Transparency is really important to us at Affectiva, so we wanted to explain how we collect this data and what we do with it. Essentially, this massive data allows us to create highly accurate emotion metrics and provides us with fascinating insights into human emotional behavior. Let’s explore this some more.
So how do we collect this emotion data?
Where this data comes from
We have now gathered 5,313,751 face videos for a total of 38,944 hours representing about 2 billion facial frames analyzed. “Face videos” are video recordings of people as they go about an activity such as watching online videos or driving a car. Affectiva collects these face videos through our work with market research partners, such as Millward Brown, Unruly, Lightspeed, Added Value, Voxpopme and LRW, as well as partners in the automotive, robotics and Human Resources space. This data is spontaneous and collected in natural environments: such as people in their home, at their office in front of their devices, or in their car. As a matter of fact, we have already analyzed over 4.4 million frames of emotion data captured from people driving their cars.
Opt-in
It is important to note that every person whose face has been analyzed, has been explicitly asked to opt in to have their face recorded and their emotional expressions analyzed. People always have the option to opt out – we recognize that emotions are private and not everyone wants their face recorded. In addition, data collection is anonymous, we never know who the individual is that the face belongs to.

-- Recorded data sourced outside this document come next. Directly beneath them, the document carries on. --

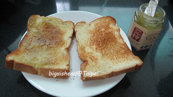 後來發現這樣浪費下去也不是辦法,已經可以預見下地獄要吃好多東西呀!所以我阿冠咬了一口第二份失敗的土司,發現其實沒有燒焦的苦味,還蠻好吃的耶!那就省一點,吃吃看!(這種煮婦過於勤儉的行為不可取,燒焦的食物還是少吃喔!尤其是孕婦。)
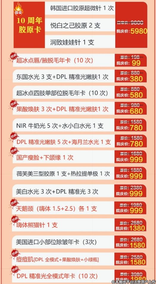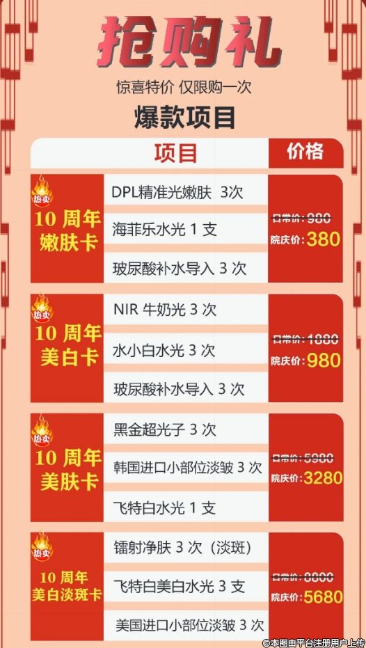 4、特價(jià)項(xiàng)目/已核銷(xiāo)概不退款,周年慶活動(dòng)不與院內(nèi)其他活動(dòng)同時(shí)享受;
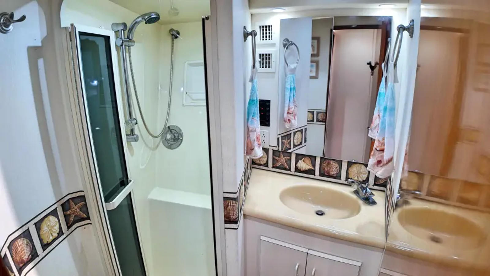 - Additional overhead pantry storage above galley sink
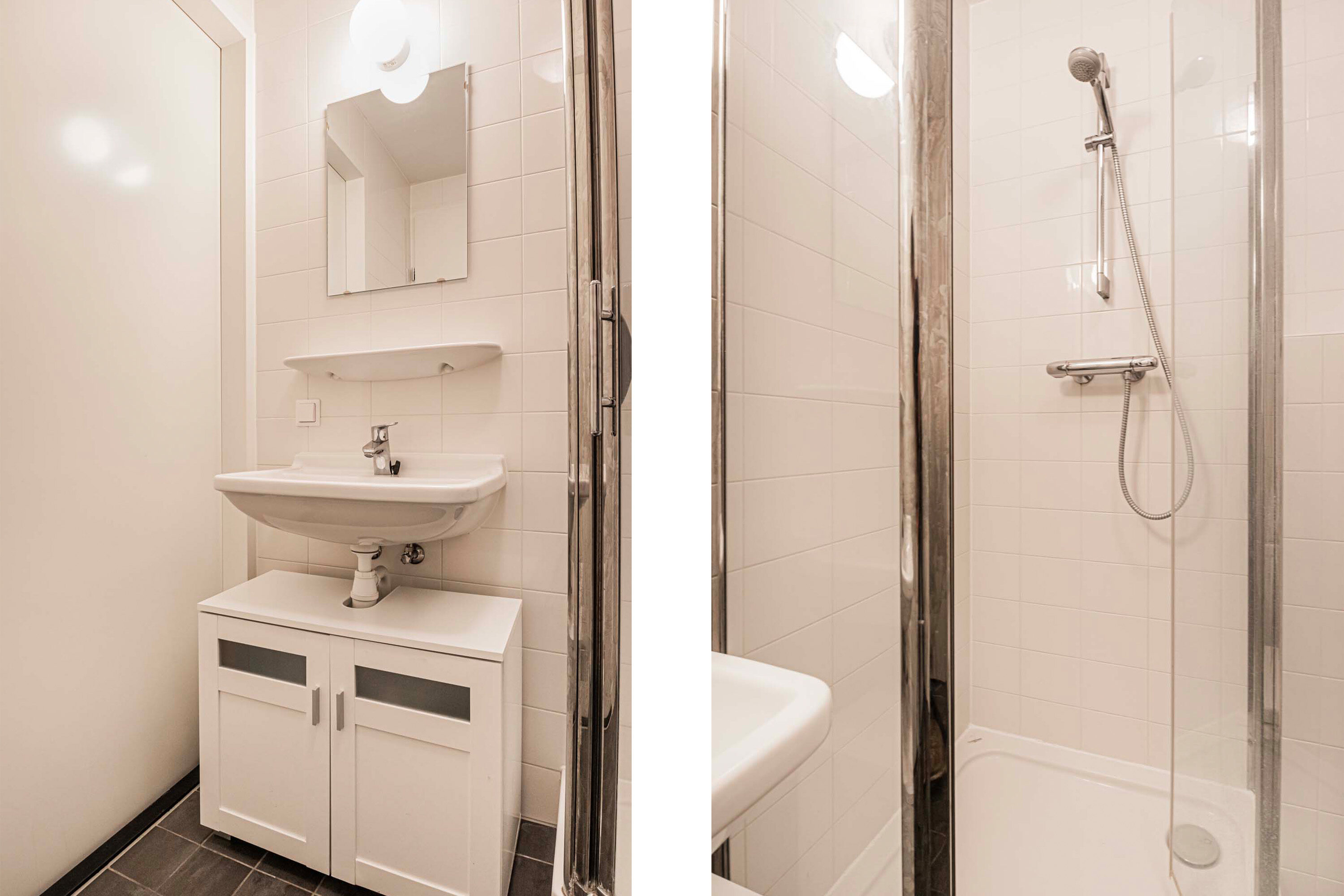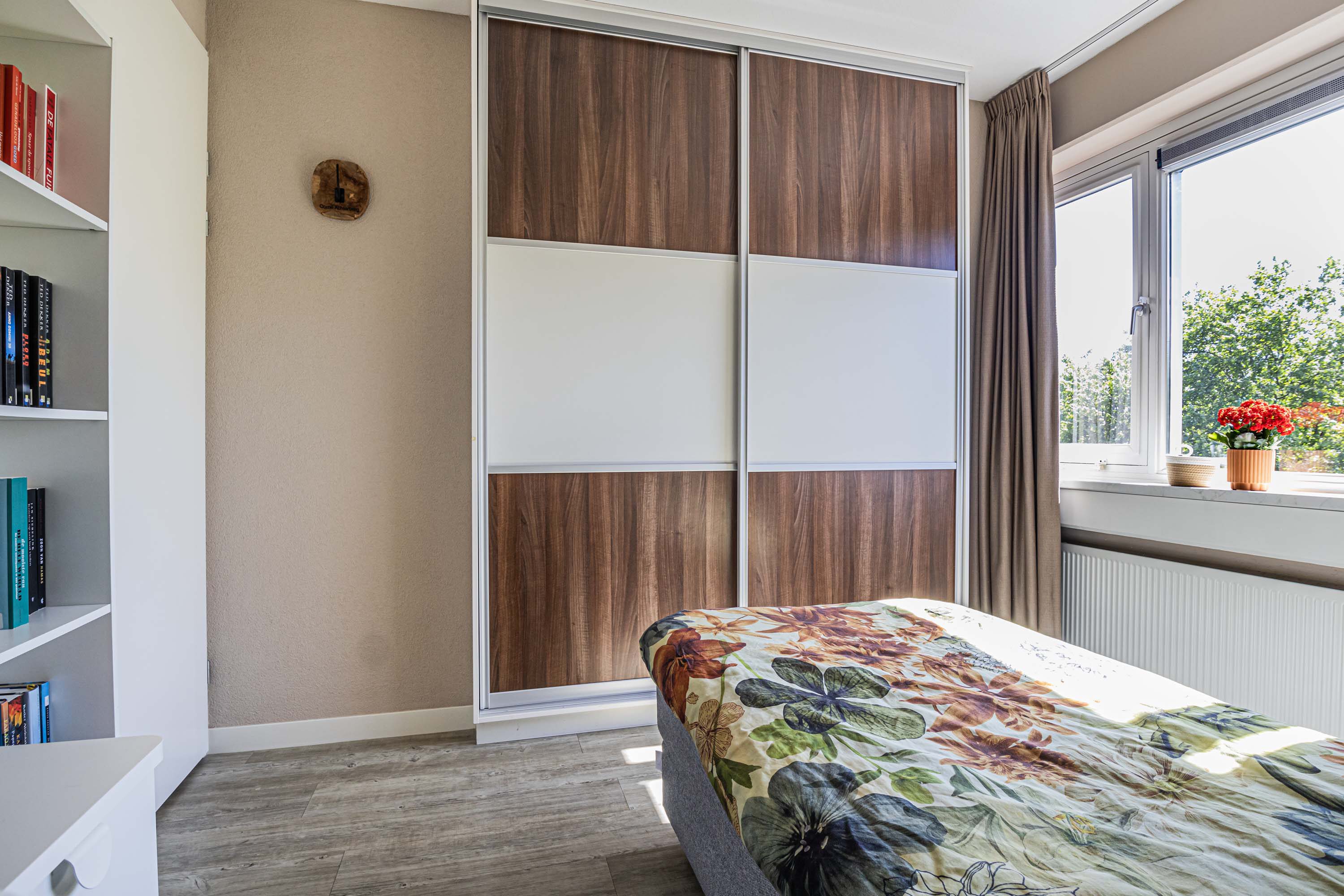 De slaapkamer heeft een afmeting van ca. 9m². De slaapkamer heeft een nette vloer, neutrale wanden en voldoende lichtinval. Door de vaste inbouwkast kan je de kamer ideaal indelen. De badkamer is betegeld in een lichte kleurstelling en beschikt over een douche, wastafel met wastafelmeubel en een zwevend toilet. Achter de badkamer zit een praktische kast waar de C.V.-ketel staat opgesteld en extra opbergruimte biedt.
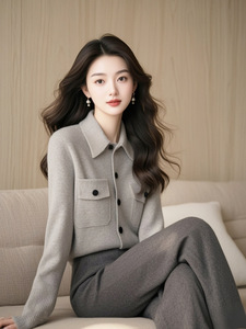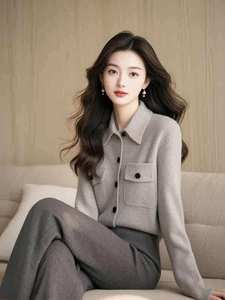 2025秋冬季穿搭一整套高级感减龄漂亮洋气气质灰色针织开衫套装女
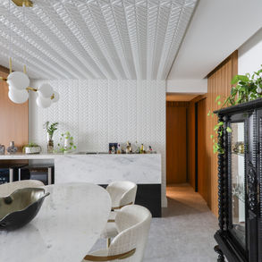 Nossa cliente nos procurou com o desejo de atualizar a decoração de sua sala e integrar a varanda com as salas de jantar e estar. Apaixonada por música, drinks e bons momentos com amigos, ela queria um espaço que refletisse seu estilo de vida acolhedor e festivo.
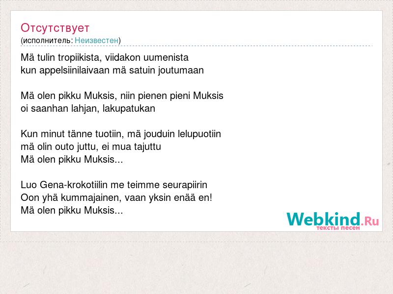 Mä tulin tropiikista, viidakon uumenista kun appelsiinilaivaan mä satuin joutumaan Mä olen pikku Muksis, niin pienen pieni Muksis oi saanhan lahjan, lakupatukan Kun minut tänne tuotiin, mä jouduin lelupuotiin mä olin outo juttu, ei mua tajuttu Mä olen pikku Muksis... Luo Gena-krokotiilin me teimme seurapiirin Oon yhä kummajainen, vaan yksin enää en! Mä olen pikku Muksis...
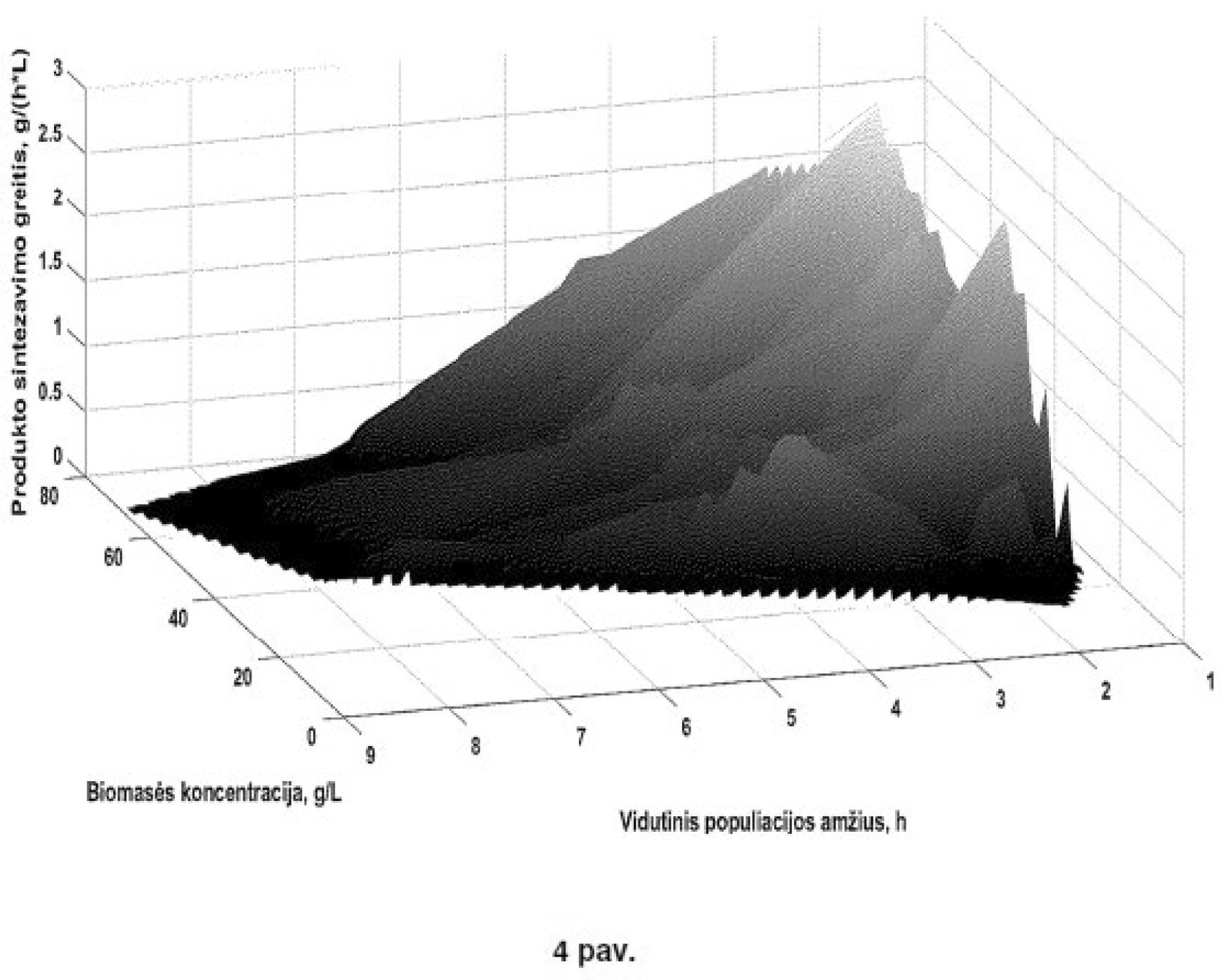 [0064] Antrajame būdo žingsnyje, įvertinama sintetinamo tikslinio produkto tikėtinai maksimali koncentracija Pmax kultivavimo proceso pabaigoje momentu tend, kuri priklauso nuo indukcijos momentu tinduction įvertintų: biomasės koncentracijos x(tinduction) ir populiacijos vidutinio amžiaus Age(tinduction). Atlikus kultivavimo eksperimentų duomenų analizę, pastebėta, kad kultivavimo proceso pabaigoje didžiausia tikslinio produkto koncentracija P(tend) gauta tuose kultivavimo eksperimentuose, kur E.coli vidutinis amžius Age(tinduction) indukcijos momentu buvo mažiausias ir biomasės koncentracija x(tinduction) didžiausia. Ši kompleksinė priklausomybė parodyta 4 paveiksle, kaip dviejų kintamųjų x(t) ir Age(t) 3D- funkcija, rodanti produkto sintezės greičio priklausomybę nuo šių dviejų faktorių. Pagal šiuos kultivavimo eksperimentų rezultatus, parengta formulė, leidžianti įvertinti tikėtiną maksimalią tikslinio produkto koncentraciją Pmax kultivavimo proceso pabaigoje (tai yra, P(tend))

Spontaneous data, gathered in the wild
Affectiva’s huge emotion database is the result of spontaneous data collected in the real world, or what we call “in the wild”. The data is representative of people engaging in an activity, such as watching content, wherever they are in the world – at their kitchen table in Bangkok or their couch in Rio de Janeiro. The face videos also represent real, spontaneous facial expressions: unfiltered and unbiased emotions in reaction to the content these folks are watching or the thing they are doing. Also, this data captures challenging conditions, such as variations in lighting, different head movements, and variances in facial features due to ethnicity, age, gender, facial hair and glasses.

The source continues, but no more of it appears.